Understanding the root cause of watermelon effect
The watermelon effect generally occurs for one reason: poorly-defined metrics. Companies often have contract relationships with SLAs that are tracked monthly with certain goals and penalties if those goals are missed. In many cases, suppliers meet the defined SLA targets but still aren’t able to meet business objectives. Reports might look good, but senior management is still getting negative feedback from customers and users. This can be career-threatening for CIOs. Companies are continuing to rely on using industry standard metrics to evaluate contracts, but it just isn’t working.
Measuring based on business value
In order to solve the watermelon effect, companies need to change the paradigm for SLA metrics. Rather than only considering traditional specifications like responsiveness to incidents, component availability, and service restoration, consider each element in terms of how it affects the business. This will allow companies to measure based on factors that have a real effect on business goals, allowing them to come to more effective agreements.

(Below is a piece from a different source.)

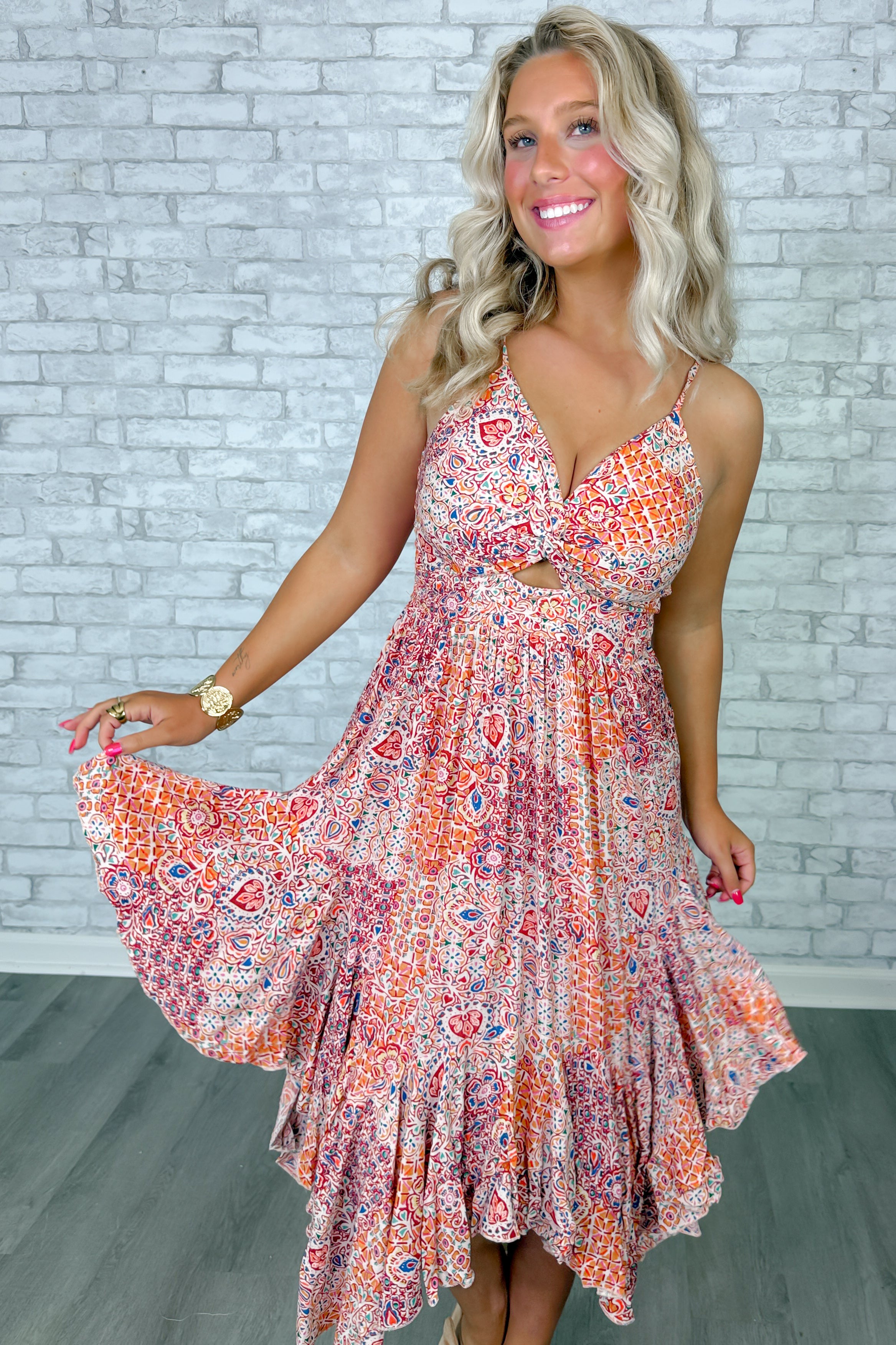 - A statement boho midi dress with warm sunset hues and a flattering twist-front detail.

• Don’t just use industry standard metrics – Industry standard metrics are important, but they aren’t enough. It is important to develop metrics to suit each individual company’s unique business needs. But be sure newly-defined service levels are realistic and measurable. Identifying more relevant key performance indicators to spot trends is critical to successful supplier agreements and to the company.

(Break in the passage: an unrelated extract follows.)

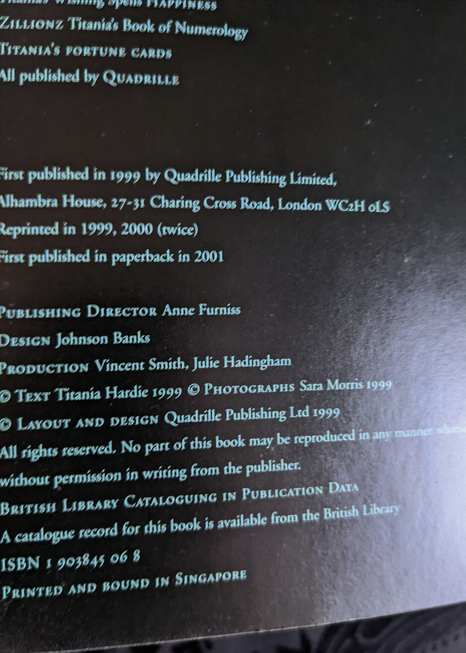 This is white witch Titania Hardie's complete guide to white magic. Based on the 13 moons which make up the witch's calendar, each chapter covers an aspect of magic that is governed by a moon and which has its own color, scent, and number associated with it. Included are chapters on divination, love and fertility magic, herbal and healing magic, and spells for enchanting and disenchanting, for safe travel, for peace at home, and for success. This wonderful, colorful book is in previously loved, fair condition.

• Stay proactive – All companies should regularly evaluate their SLAs to ensure they are helping identify trends, problem areas and accurately reflect business realities. When it’s time for new contract negotiations, this information can then be used to develop stronger SLAs.
• Implement governance structure – A strong governance structure for managing SLAs is important. By building dedicated frameworks for analyzing SLA performance, creating new metrics, and negotiating contracts, companies can help ensure that performance remains strong. This can normally be accomplished using existing contract management or service management staff.

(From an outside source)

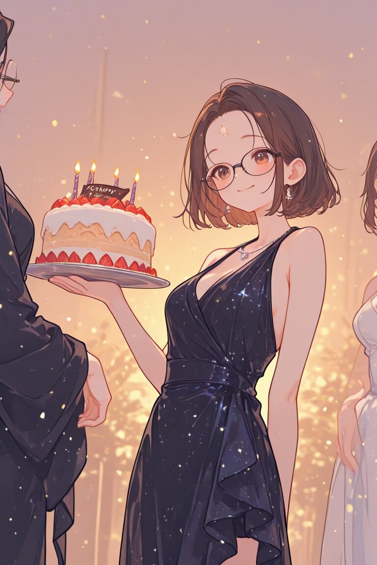 (best quality),(masterpiece),(ultra detailed), ,(1 lady, some female), short hair, brown hair, glasses, (open forehead), evening gown, (birthday cake, smile)

• Examine contracts holistically – By including IT, business leaders, and other departments during contract development and negotiations, company collaboration can help ensure that agreements meet the needs of the whole company.
• Be more aggressive – Many companies are simply too passive when it comes to drafting contracts. All organizations should strive to fully understand what is being agreed upon and to ask for the provisions they need to meet business objectives. Clearly define each metric, the measurement data sources, tools, calculation, frequency and business priority weighting.
Negotiations with suppliers are a primary part of the IT organization’s role in a company and should be treated as such. It’s time to develop better ways to work with the business and address problems with SLAs. Smash the watermelon effect by defining and measuring SLAs based on their ability to meet business objectives – that is a true value of IT.